Pre-problem 1: Racoon sucks.

It sucks even harder when there is the sort of NAT going on in AWS (the bi-directional NAT, where the instance has an RFC-1918 address on it's network interface, and that is NAT'd in both directions to its assigned "Elastic IP", by the networking layer of AWS.

The upshot is that the IP that the non-AWS end thinks of the AWS end as having is not the IP address on eth0 on said EC2 instance. In the end, a colleague of mine discovered a combination of NAT and duplicated ipsectools configuration that mostly worked, most of the time. Even he didn't truly understand how/why it worked, but it did.

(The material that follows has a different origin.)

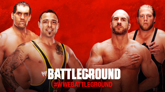 Hace apenas escasos minutos se ha anunciado por parte de WWE un nuevo combate que tendrá lugar esta noche en el PPV Battleground. Este combate por parejas enfrentará a dos luchadores internacionales, Santino Marella & The Great Khali contra la pareja The Real Americans (Antonio Cesaro & Jack Swagger).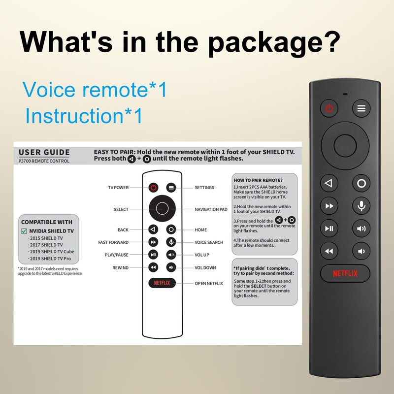 - 【TV Specification】Remote works with SHIELD TV 2015/2017/2019 all models streaming media players (base requires upgrade to latest SHIELD Experience), compatible models including for 2015 NVIDIA SHIELD TV, for 2017 NVIDIA SHIELD TV, for 2019 NVIDIA SHIELD TV Cube and for 2019 NVIDIA SHIELD TV Pro

The actual problem: round 1

With the VPN up, and ping working, it was time to pass some real traffic. The primary purpose of this VPN was for backup traffic, so, we fired up dirvish and initiated the rsync-over-ssh. Within seconds, BOOM. Checking the rsync logs, I saw "Corrupted MAC on input" and "Bad packet length" messages. Well, that's weird.

Retry: BOOM, same again.

Never at quite the same point, i.e. it wasn't a single file that caused the problem.

Eliminations steps:

It's all a bit of a blur now, and this was spread over several days, but here's some of the things we tried:

  1. Eliminate software: rsync over ssh is two layers of complexity; the messages are nominally from ssh, but it's not clear that rsync isn't involved in causing them. So, we tried scp instead. Same results.
  2. Eliminate hops: the first rsyncs were with a source/target one hop either side of the VPN terminators. So, we moved to just SCP between the IPSec endpoints, eventually just over the GRE tunnel itself (so to/from the link-net IP addresses on the GRE interface itself. Same results, although we did tend to get further through the file before it fell over.
  3. The most common google result for these messages implicated various "offload" functionality on network interface cards (e.g. Transmit/Receive Segmentation offload). This certainly seemed the most plausible possibility. Sadly, disabling all available such options on all the hops had no effect.
  4. MTU: The GRE tunnel encapsulation was definitely reducing the MTU and it was possible something in the path was behaving badly as a result. So, we tried dropping the MTU on all the interfaces involved, right down to 576 bytes, but without any positive effect.
  5. Change the IPSec software: given the issues and hackery required with racoon (noted earlier), it seemed worth trying something else. The non-AWS end was already using StrongSwan, so we converted the AWS end to that also. The configuration was simpler and clearer (not requiring quite the level of hackery), which was a win. But it still didn't solve our corruption problem.

The end game:

Now we were getting mad. All the relatively simple stuff was not it. We weren't sure that this wasn't just some issue specific to SSH. Were we seeing actual corrupted packets, or was SSH being silly? Therefore, my colleague used a ping flood with a 1000+ byte payload of all letter 'a'. With some clever tcpdump and grep on the receiving end, we could see actual corruption in the decrypted ping packets after receipt at the non-AWS end. Intermittently, 16 bytes were simply not the original series of 'a's. This was helpful, as it confirmed it was definitely packet corruption somewhere, not something weirdly openssh-specific

I ended up using some more ping flood + tcpdump + grep, and the ability of a modern version of wireshark to decrypt the encrypted packets, captured as they went over the internet, using the SPI and current encryption/HMAC keys as obtained from "ip xfrm state" from one of the endpoints. This is really really cool to be able to do, and I see myself doing this again in the future.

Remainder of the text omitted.